もうすぐ定時になるというのに私はお手洗いを我慢出来なかった。


トイレを済ませてドアを開けるとそこにその人は私に背を向けて立っていて鏡越しに目が合ってしまった。


ちょっとした恐怖映画のように思えてならない。




愛花さんは振り返ると私との距離をジリジリと詰めてきた。




「ねぇ、宮西さん。」


「はい…。」



「あなた、春樹に聞いたのよね?」


「……。」


「騙されてるのも知らないで好きになっちゃうんだから、可哀想な子ね…。」




慎也を裏切った女なんかに言われたくない…。



「私のおかげで慎也みたいないい男と出逢えたんだから感謝しなさい?

まっ、遊ばれて終わっちゃったみたいだけどね…フフっ。
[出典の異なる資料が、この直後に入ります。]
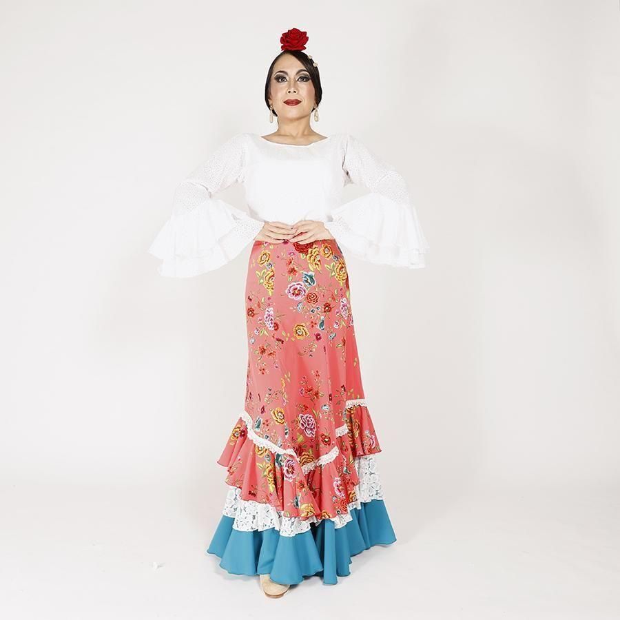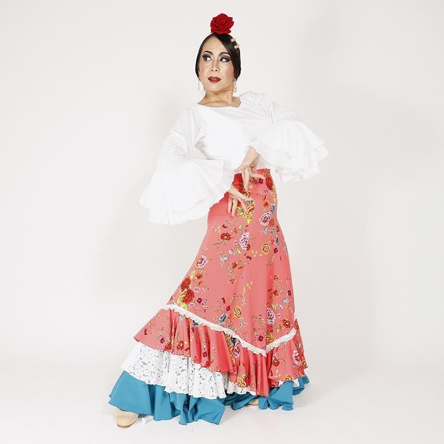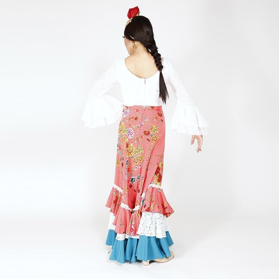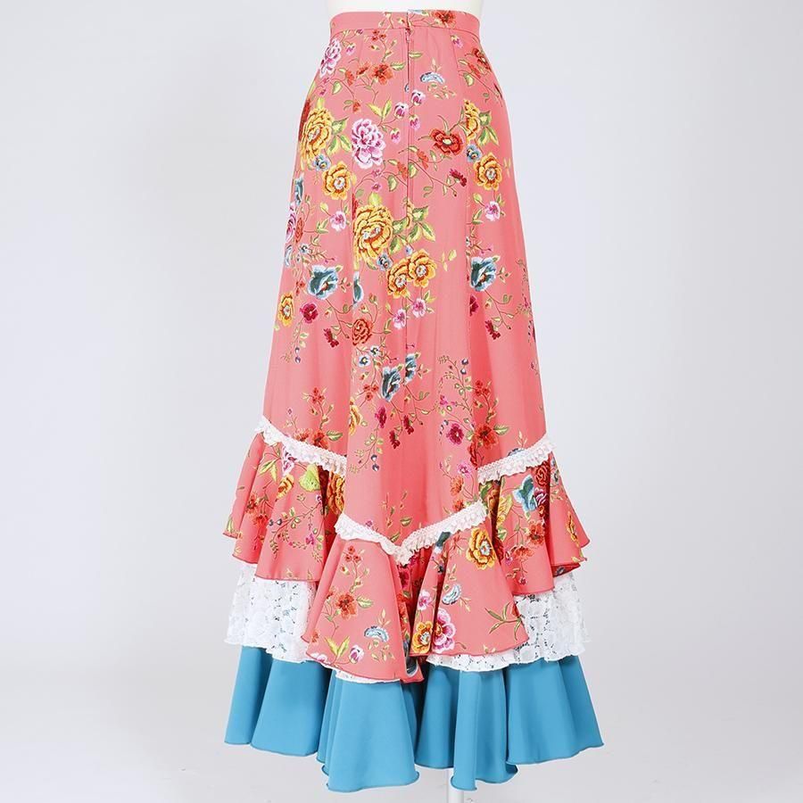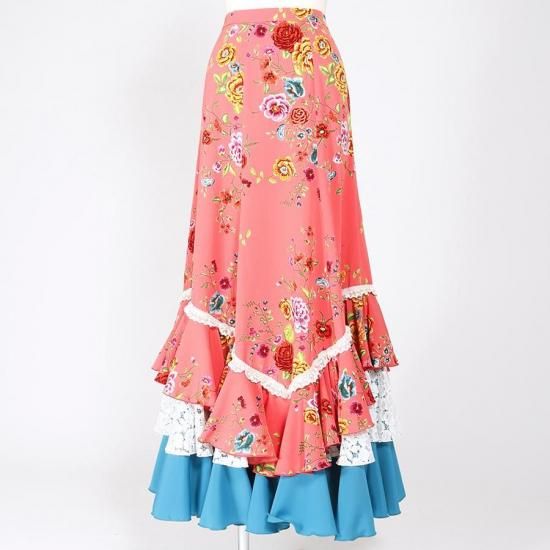 MF3051 V字フリルスカート<genciana>コーラル花柄<☆1点もの☆>M-100

」





!!!





「...他にっ……何か言いたいことはありますか?」


「…!!」





「部下にこんな事して面白いですか?


確かに課長とは別れましたけど…


月下さん?


まだ課長のことが好きなら本人に直接言ったらどうです?


課長は遊びだった割りに私に未練タラタラなので、あなたのことをまた好きになるかどうかはわかりませんけどね。」



「なっ…!!」



「今日までお疲れ様でした。本社に戻ってもお元気で。」


唇を噛み締めて今にも憤慨しそうな愛花さんを置いて廊下に出た時



!!!



「宮西、トイレで長時間サボってたのか?」



---課長……。





「慎也!!」



後ろから愛花さんも飛び出てきた。